Maki sighed, and twisted one of her twin-tails. "I'm scared too."
Shuichi didn't know what to say. With her endless rationality and stoic demeanor, he hadn't realised she might be afraid of everything going on. An oversight, on his part, really. They had been kidnapped and told to kill each other, for fuck's sake, not to mention this whole situation probably reopened a lot of fresh wounds for Maki. It made sense.
Maki made sense.
Shuichi tried harder than most people to understand the world around him, out of some deep, anxious compulsion. He rarely succeeded. But with Maki, the world was a little simpler. When Shuichi slipped and fell, she was there to set him upright, and when Kaito rushed in too fast, she was there to slow him down. Shuichi would catch her too, when the time came. They looked out for each other. Whether or not their fears were the same didn't matter as much as he thought it might. She understood and that was all he really needed.

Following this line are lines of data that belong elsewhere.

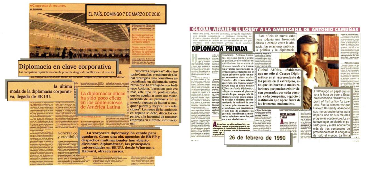 Nevertheless, “this being up with the latest fashion” highlighted by El País (2010) in its article on Corporate Diplomacy in its Sunday business supplement does not seem something easy to implement. The fact is that Global Strategies continues to be the inevitable touchstone in a professional field in which we were pioneers several decades in advance, as attested to in an interview given to Actualidad Económica by our founder back in 1990, some twenty years before.
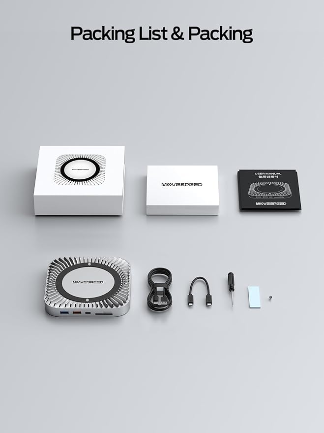 MOVE SPEED Mac mini M4 Dock Enclosure, 10 in 1 Aluminum Stand Hub, 10Gbps USB-C/A, 4K60Hz HDMI, SD/TF Reader, Space-Saving Vertical Design
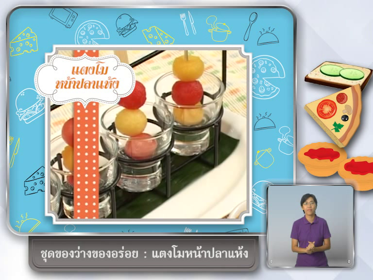 ภาพประกอบวีดิทัศน์รายการโทรทัศน์เพื่อการศึกษาและการส่งเสริมอาชีพ สำหรับบุคคลที่มีความบกพร่องทางการได้ยิน (มีภาษามือ)ทำกินก็ได้ ทำขายก็ดี ชุด ของว่าง ของอร่อย ตอนที่ 3 แตงโมหน้าปลาแห้ง
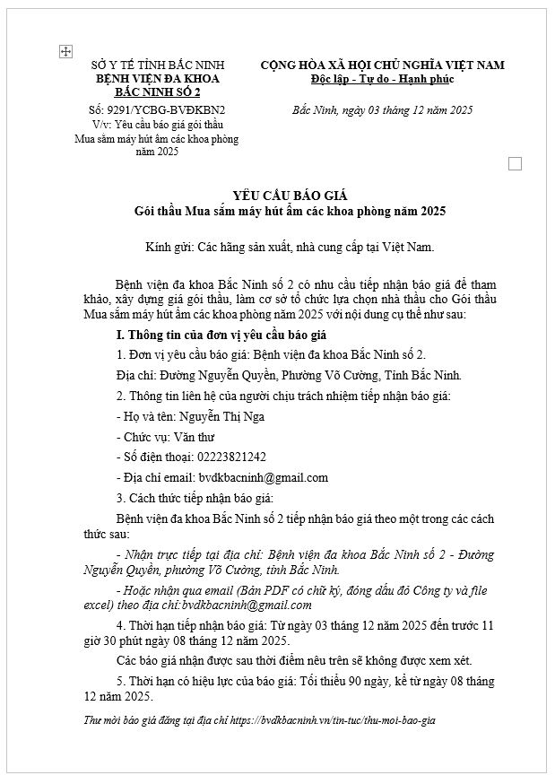 Yêu cầu báo giá gói thầu Mua sắm máy hút ẩm các khoa phòng năm 2025
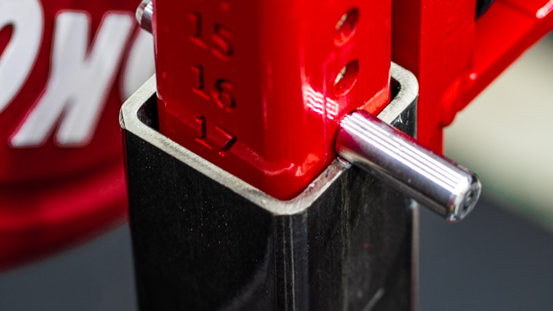 The last adjustment point I want to highlight, and the one that will most often be used is the adjustment of the uprights. In order to raise and lower the uprights, even while the bar is loaded with 1,000 LB or more, the uprights use a pin and hole along with a lever mechanism to provide leverage when adjusting the height of the bar for different lifters.

"We're both a little fucked up, huh?" Maki whispered, a hint of a smile in her voice as she flopped back into the grass. Shuichi flashed her a grin, and she pulled him down with her in an unexpected display of mischief. Shuichi was startled for a millisecond, before they both broke into peals of laughter.
For the first time in a long time, he made easy eye contact.
"Yeah. I think... I think we'll be okay, though."
---
Hours later, they woke with entwined pinkies, faces bathed in the day's first rays of sunlight.